* TASK TO CARRY OUT *
Would you give the listing again exactly as written, minus its pictures?

* DATASET EXTRACT *
++++++++++

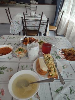 На обеды чередуем Фазелис, Домашнюю кухню и уйгуров. Открыла для себя окрошку у уйгуров.. Боже, как это вкусно, я просто влюбилась. Хотя я ярый сторонник окрошки на квасе, а эта на кефире. Но она просто божественна
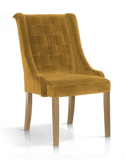 Chaise rembourrée en tissu, avec pieds en bois Prince Velours Jaune / Chêne, l55xA70xH105 cm
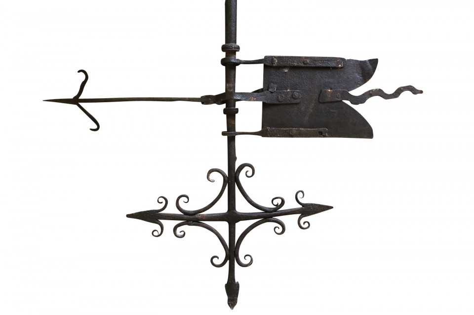 A wonderful mid-17th century Girouette - Weather Vane - beautifully crafted from iron. A wonderful motif of a flag and arrows.
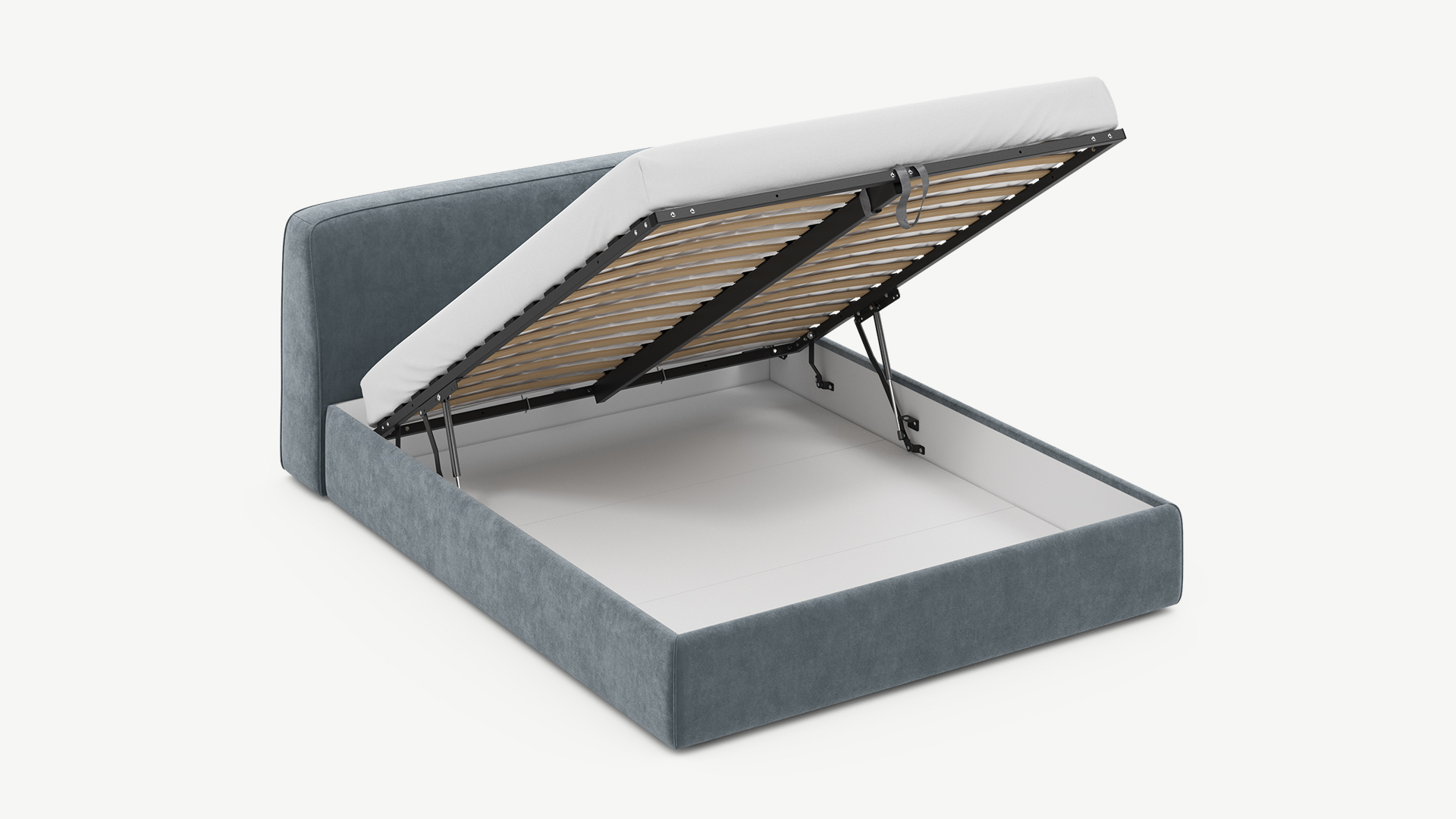 • Скрытая под основанием вместительная емкость без внутренних перегородок позволяет использовать всю площадь подкроватного пространства для хранения вещей.

++++++++++

* WRITTEN ANSWER *
 На обеды чередуем Фазелис, Домашнюю кухню и уйгуров. Открыла для себя окрошку у уйгуров.. Боже, как это вкусно, я просто влюбилась. Хотя я ярый сторонник окрошки на квасе, а эта на кефире. Но она просто божественна
 Chaise rembourrée en tissu, avec pieds en bois Prince Velours Jaune / Chêne, l55xA70xH105 cm
 A wonderful mid-17th century Girouette - Weather Vane - beautifully crafted from iron. A wonderful motif of a flag and arrows.
 • Скрытая под основанием вместительная емкость без внутренних перегородок позволяет использовать всю площадь подкроватного пространства для хранения вещей.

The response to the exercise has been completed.